Геополитические проекты Г. А. Потемкина - Ольга Елисеева
Шрифт:
Интервал:
Закладка:
Важно отметить, что Иосиф II сразу же выделил Сегюра среди других представленных ему дипломатов и совершал с ним длительные пешие прогулки, делясь с французским послом своими впечатлениями и политическими видами. Сам Сегюр объясняет такую необычную для монарха откровенность тем, что «имел счастье понравиться» Иосифу. Однако, вероятно были и другие, более веские причины, заставлявшие графа Фалькенштейна, взяв посла Франции под руку, уверять его в миролюбивом отношении Австрии к Турции, которой покровительствовал Версаль. «В разговорах со мной он дал мне понять, что мало сочувствует честолюбивым замыслам Екатерины, - писал Сегюр об Иосифе П. - В этом отношении политика Франции ему нравилась. «Константинополь, - говорил он, - всегда будет предметом зависти и раздоров, в следствии которых великие державы никогда не согласятся насчет раздела Турции» {454}. Заметно стремление австрийского императора, с одной стороны, успокоить французский кабинет, а с другой - показать свою независимость по отношению к планам союзницы.

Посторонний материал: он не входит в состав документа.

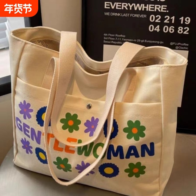 帆布包包女2024新款大容量通勤百搭手提袋大学生单肩包托特包小包
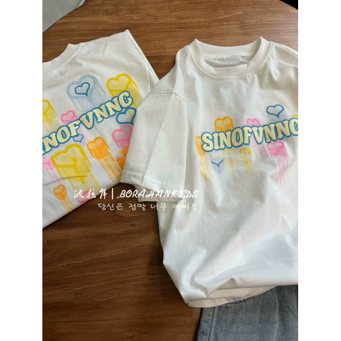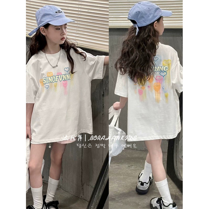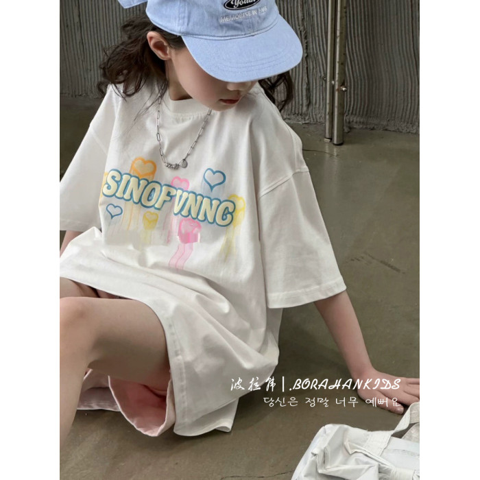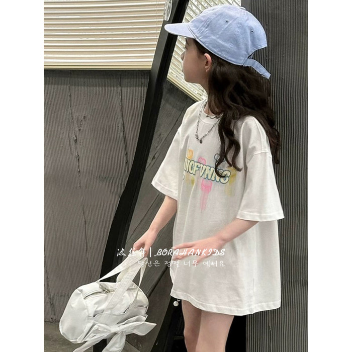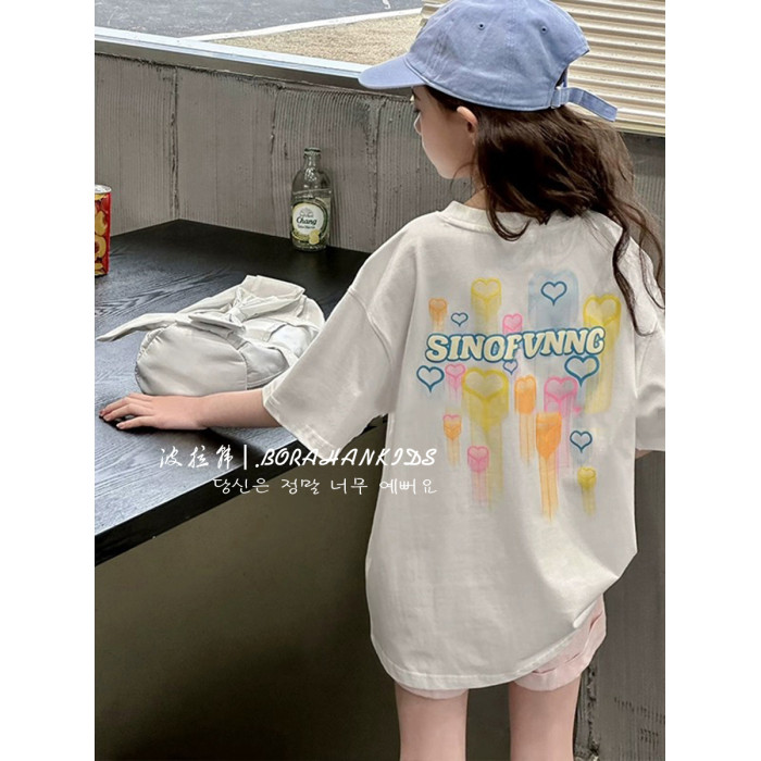 波拉韓童裝女童短袖甜美T恤2025夏裝兒童休閒打底上衣小女孩體恤

Херсон потряс путешественников и заставил на время замолчать даже самые злые языки. Сегюр описывает практически оконченную крепость, казармы, адмиралтейство с богатыми магазинами, арсенал со множеством пушек, верфи и строящиеся на них корабли, казенные здания, несколько церквей, частные дома, лавки, купеческие корабли в порту {455}. Английский дипломат сэр Алан Фиц - Герберт доносил оттуда в Лондон: «По видимому, императрица чрезвычайно довольна положением этих губерний, благосостояние которых действительно удивительно, ибо несколько лет назад здесь была совершенная пустыня. Князь Потемкин, конечно, позаботится о том, чтоб представить все с наилучшей стороны. Вчера мы любовались тремя большими кораблями… Суда эти немедленно отправляются для присоединения к флоту в Севастополь» {456}.

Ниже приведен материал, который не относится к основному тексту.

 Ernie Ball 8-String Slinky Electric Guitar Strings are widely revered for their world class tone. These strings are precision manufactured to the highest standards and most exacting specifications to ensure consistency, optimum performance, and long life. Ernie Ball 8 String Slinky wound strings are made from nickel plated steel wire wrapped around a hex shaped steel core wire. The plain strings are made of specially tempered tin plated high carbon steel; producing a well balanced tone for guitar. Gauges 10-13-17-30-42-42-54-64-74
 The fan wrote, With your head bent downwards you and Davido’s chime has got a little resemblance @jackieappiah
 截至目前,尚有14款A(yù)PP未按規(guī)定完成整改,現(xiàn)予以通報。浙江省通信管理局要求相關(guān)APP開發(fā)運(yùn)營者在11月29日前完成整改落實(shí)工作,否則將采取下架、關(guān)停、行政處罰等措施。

Следует обратить внимание на записки путешественников, увидевших Херсон не вместе с императрицей, а побывавших там раньше, когда блеск «потемкинской феерии» не мог никого ослепить. В 1782 г. совершил путешествие на юг бывший гетман Малороссии К. Г. Разумавский. Он давно состоял не у дел, мало интересовался борьбой придворных группировок, старческое любопытство побудило его скоротать время в интересной, хотя и не по летам тяжелой поездке. 22 июня он писал своему приятелю Ковалинскому: «На ужасной своей пустынностью степи, где в недавнем времени едва рассеянные обретаемы были избушки, по Херсонскому пути, начиная от самого Кременчуга нашел я довольные селения верстах в 20, в 25 и далее, большею частью при обильных водах. Что принадлежит до самого Херсона, то представьте себе множество всякий час умножающихся каменных зданий, крепость, замыкающую в себе цитадель и лучшие строения, адмиралтейство со строящимися и построенными уже кораблями, обширное предместье, обитаемое купечеством и мещанами разновидными. С одной стороны казармы 10 000 военнослужащих в себя вмещающие, с другой перед самым предместьем видоприятный остров с карантинными строениями, с греческими купеческими кораблями и с проводимыми для выгод сих судов каналами. Я и до ныне не могу выйти из недоумения о том скором возращении на месте, где так недавно один только обретался зимовник. Сей город скоро процветет богатством и коммерциею, сколь то видеть можно из завидного начала оной… Не один сей город занимал мое удивление. Новые и весьма недавно также основанные города Никополь, Новый Кайдак, лепоустроенный Екатеринослав, расчищенные и к судоходству удобными сделанные Ненасытские пороги с проведенным при них каналом» {457}.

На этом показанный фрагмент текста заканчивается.